***** Given data

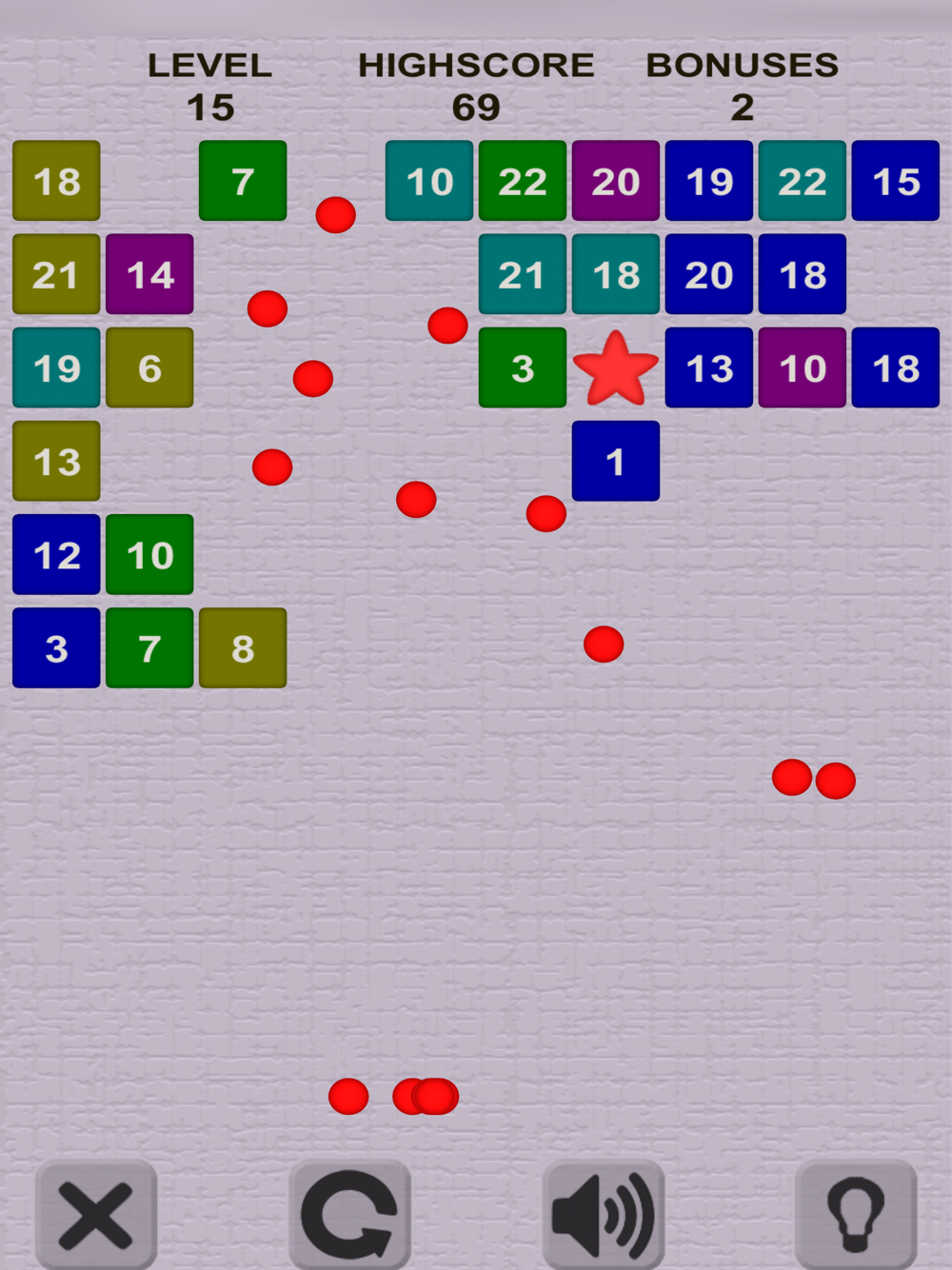 Specify the direction of movement of the ball to destroy as many blocks as possible.
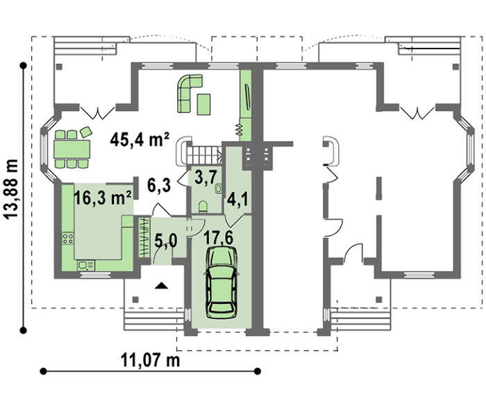 • 4M542 Проект будинку на дві сім'ї з гаражем і горищем
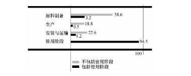 從圖中可以看出在加氣磚使用階段二氧化碳的排放量遠高于其它階段。因此我們將重點放在如何解決使用過程中排放量過高的問題。
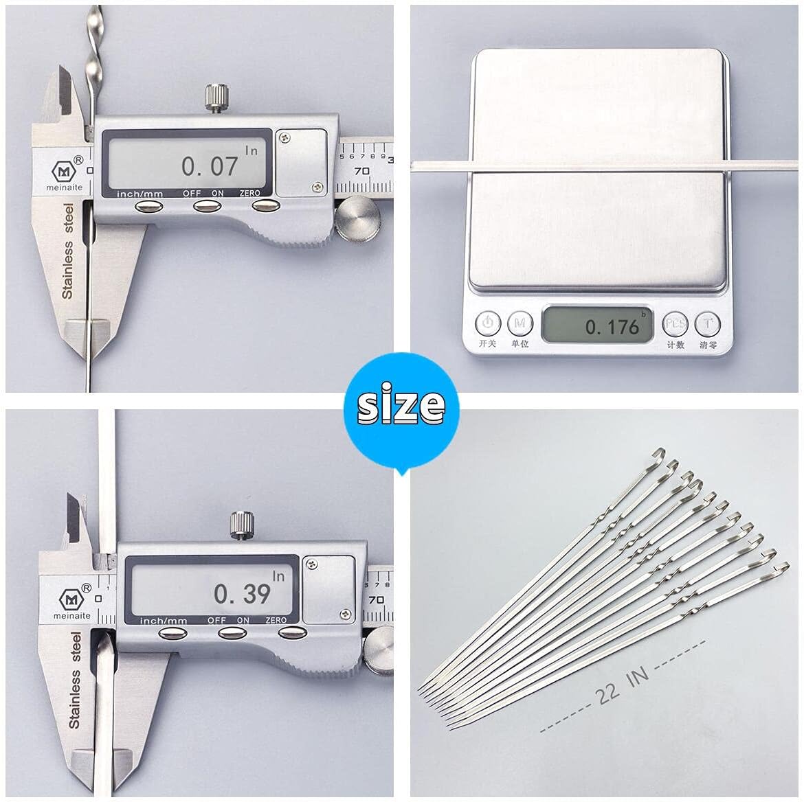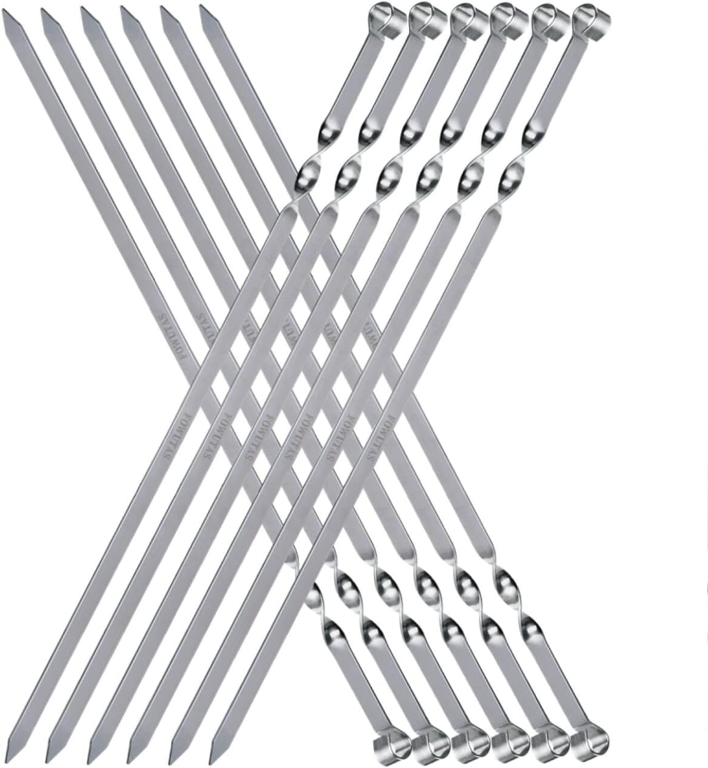 - LONG AND WIDE KEBAB SKEWERS:The length of our Flat kabab skewers is 22 inch. Product Details:The handle portion is about 3.6 inch;the twist portion is about 2.8 inch;The food placing portion is about 15.6 inch.The barbecue skewers width is 0.39 inch ;The barbecue skewers thickness is 0.07 inch
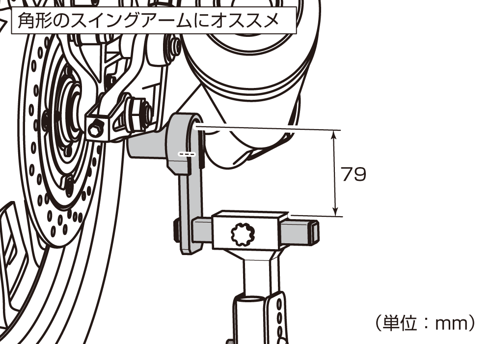 ※リアスタンドアジャスタブルⅠ・Ⅱに使用すると、一番低くても車両が上がりすぎるため、安定性に欠ける恐れがあります。

**********

Work required: An exact copy of every entry, minus the pictures, is what you should return.

Answer box:
 Specify the direction of movement of the ball to destroy as many blocks as possible.
 • 4M542 Проект будинку на дві сім'ї з гаражем і горищем
 從圖中可以看出在加氣磚使用階段二氧化碳的排放量遠高于其它階段。因此我們將重點放在如何解決使用過程中排放量過高的問題。
 - LONG AND WIDE KEBAB SKEWERS:The length of our Flat kabab skewers is 22 inch. Product Details:The handle portion is about 3.6 inch;the twist portion is about 2.8 inch;The food placing portion is about 15.6 inch.The barbecue skewers width is 0.39 inch ;The barbecue skewers thickness is 0.07 inch
 ※リアスタンドアジャスタブルⅠ・Ⅱに使用すると、一番低くても車両が上がりすぎるため、安定性に欠ける恐れがあります。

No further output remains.